When it comes to poetry, I can think of no other songwriter who gets it the way Gretchen Peters does. A member of the Nashville Songwriters Hall of Fame, Peters wrote “Independence Day,” which became a huge hit for Martina McBride. “Independence Day” catapulted Peters to the Country Music Association’s Song of the Year award in 1995.
She sang it in Lewisville, offering up a solo acoustic version, complemented by her own deft work on the piano.
Peters shared with the crowd how vice-presidential candidate Sarah Palin co-opted the song during the 2008 campaign, against Peters’ wishes, and how the songwriter sought to “reclaim” it and restore the full luster of its poetry.
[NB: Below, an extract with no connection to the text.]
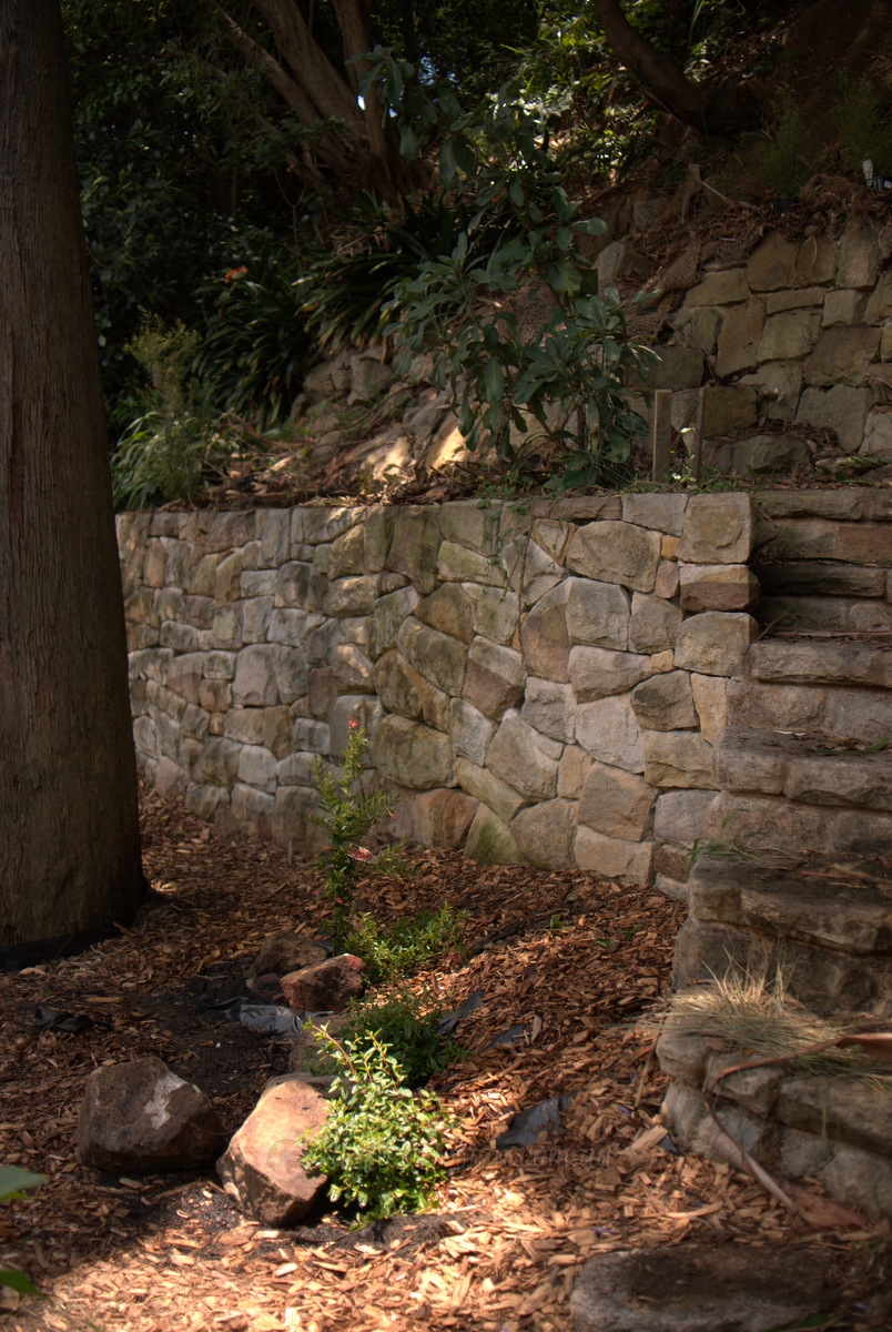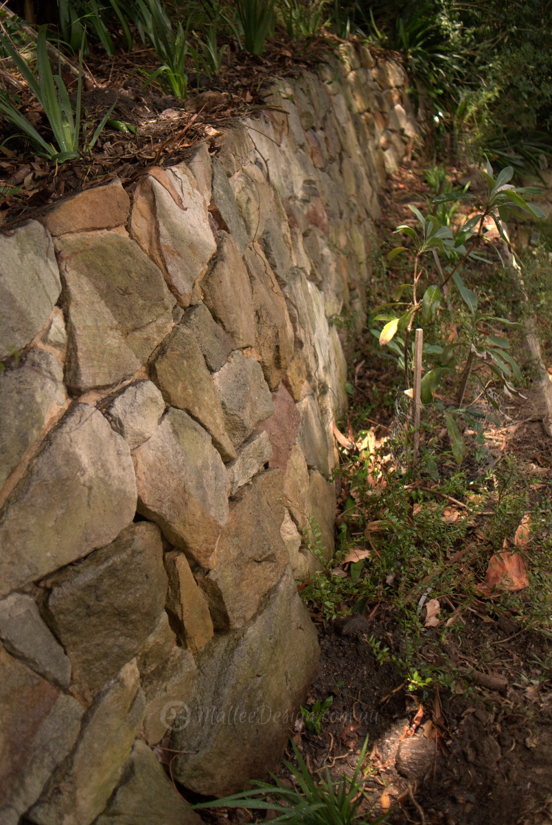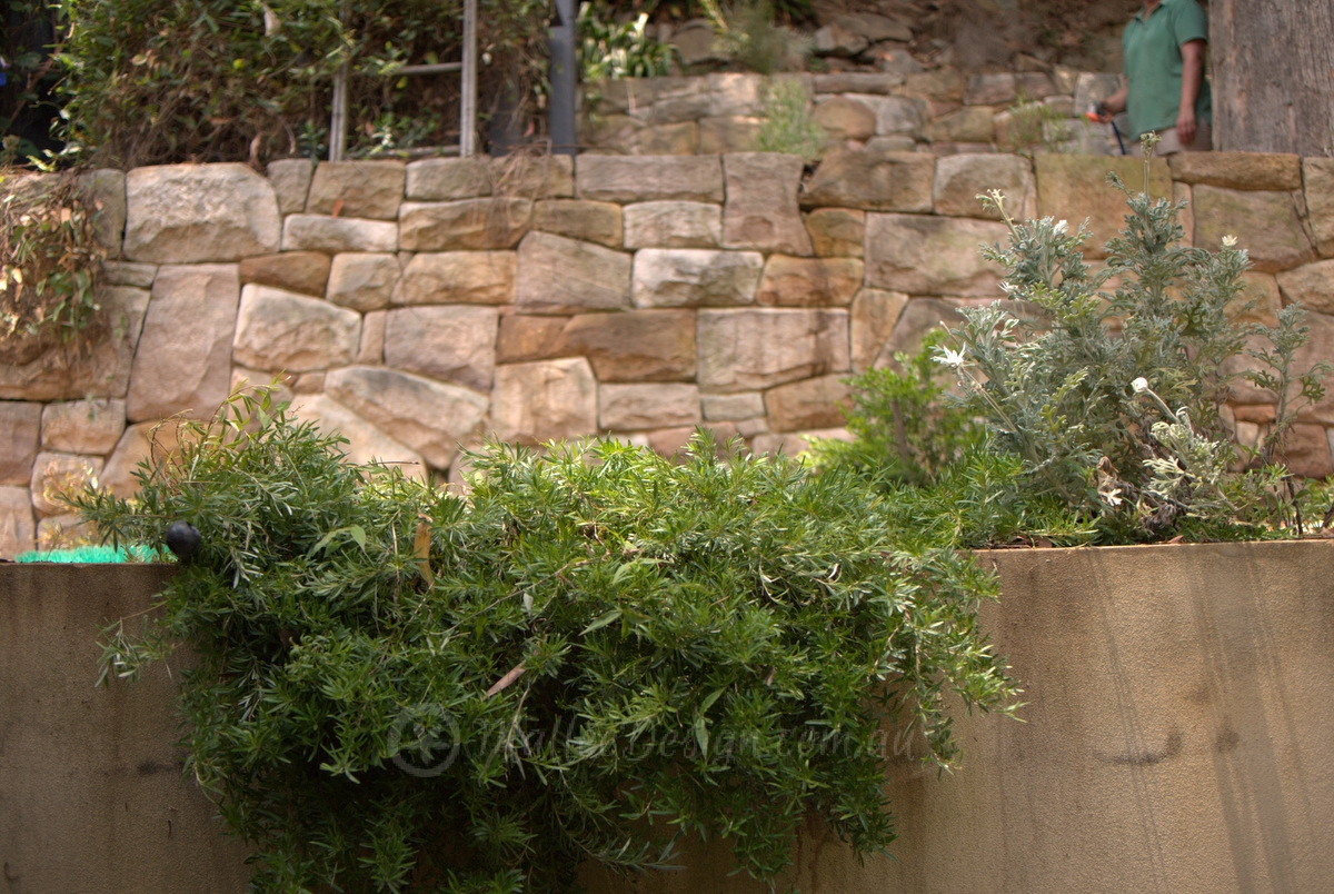 The sandstone retaining walls are flawless,created by someone with a lot of talent and eye for detail, the aim of the garden design was to suppress weeds, add colour, entice wildlife and soften the retaining walls. Above you can see Telopea ‘Shady Lady Red’, Grevillea ‘Lady O’ and Correa ‘Dusky Bells’ in the fore ground.

It is not a flag-waving anthem, as Palin sought to make it by seizing only on the chorus and not the rest of the lyrics, which read like the pages of a chilling work of fiction.
It’s a song about a battered woman who puts an end to being a victim, who seeks her own “Independence Day.”
My own favorite song of Peters’ is “Idlewild,” which chronicles the 1960s as well as any poem I’ve ever heard. It carries a truism common to all great songs or great poems: You learn something new every time you hear it.
Peters led a lyrical parade of tunes from her new album, Dancing with the Beast, whose entries shimmer like finely crafted short stories, albeit with a dark undercurrent that profiles its hard-life heroines in strikingly different ways. She also sang her achingly beautiful “Five Minutes,” which actress Elizabeth McGovern (Downton Abbey) has covered with her band, Sadie and Hotheads.